4.3 Trace-driven evaluations

We first conduct experiments on an 8-disk RAID5 set with a stripe unit size of 64KB while running PR, PRO and WorkOut-powered PR and PRO respectively. Table 3 and Table 4, respectively, show the reconstruction time and average user response time under the minimum reconstruction bandwidth of 1MB/s, driven by the three traces. We configure a 4-disk dedicated RAID5 set with a stripe unit size of 64KB as the surrogate RAID set to boost the reconstruction performance of the 8-disk degraded RAID set.

From Table 3, one can see that WorkOut speeds up the reconstruction time by a factor of up to 5.52, 1.64 and 1.30 for the Fin1, Fin2 and Web traces, respectively. The significant improvement achieved on the Fin1 trace, with a reconstruction time of 203.1s vs. 1121.8s for PR and 188.3s vs. 1109.6s for PRO, is due to the fact that 84% of requests (69% of writes plus 15% of reads) are redirected away from the degraded RAID set (see Figure 5), which enables the speed of the on-line reconstruction to approach that of the off-line counterpart. In our experiments, the off-line reconstruction time is 136.4 seconds for PR on the same platform. Moreover, WorkOut outsources 36% and 34% of user I/O requests away from the degraded RAID set for the Fin2 and Web traces, which is much fewer than that for the Fin1 trace, thus reducing the reconstruction time accordingly.

Table 4 shows that, compared with PR, WorkOut speeds up the average user response time by a factor of up to 2.87, 2.66 and 1.36 for the Fin1, Fin2 and Web traces, respectively. For Fin1 and Fin2, the average user response times during reconstruction under WorkOut are even better than that in the normal or degraded period. The reasons why WorkOut achieves significant improvement on user response times are threefold. First, a significant amount of requests are redirected away from the degraded RAID set, as shown in Figure 5. The response times of redirected requests are no longer affected by the reconstruction process that competes for the available bandwidth with user I/O requests on the degraded RAID set. Second, redirected data is laid out sequentially in the surrogate RAID set, thus further speeding up the user response time. Third, since many requests are outsourced, the I/O queue on the degraded RAID set is shortened accordingly, thus reducing the response times of the remaining I/O requests served by the degraded RAID set. Therefore, the average user response time with WorkOut is significantly lower than that without WorkOut, especially for the Fin1 trace.

Figure 5:

Percentage of redirected requests for WorkOut, under the minimum reconstruction bandwidth of 1MB/s.

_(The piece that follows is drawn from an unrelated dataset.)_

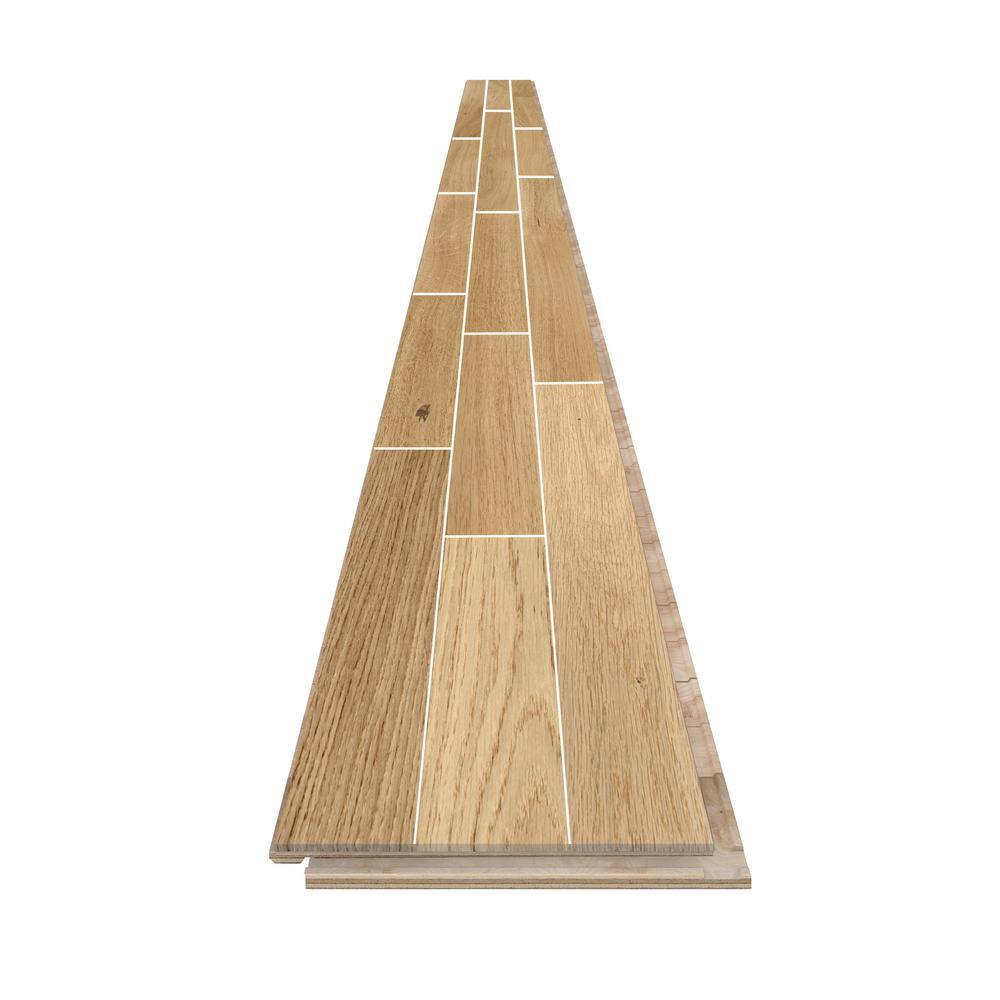 • Design: Wide planks with a wire-brushed surface for a textured look

Table 3 and Table 4 show that WorkOut-powered PRO performs similarly to WorkOut-powered PR. The reason is that WorkOut redirects all write requests and popular read requests to the surrogate RAID set, thus reducing the degree of popularity of I/O workloads retained on the degraded RAID set that can be exploited by PRO. Based on this observation, in the following experiments, we only compare WorkOut-powered PR (short for WorkOut) with PR and PRO.

4.4 Sensitivity study

WorkOut’s performance is likely influenced by several important factors, including the available reconstruction bandwidth, the size of the degraded RAID set, the stripe unit size, and the RAID level. Due to lack of space, we limit our study of these parameters to the Fin2 trace. Other traces show similar trends as the Fin2 trace.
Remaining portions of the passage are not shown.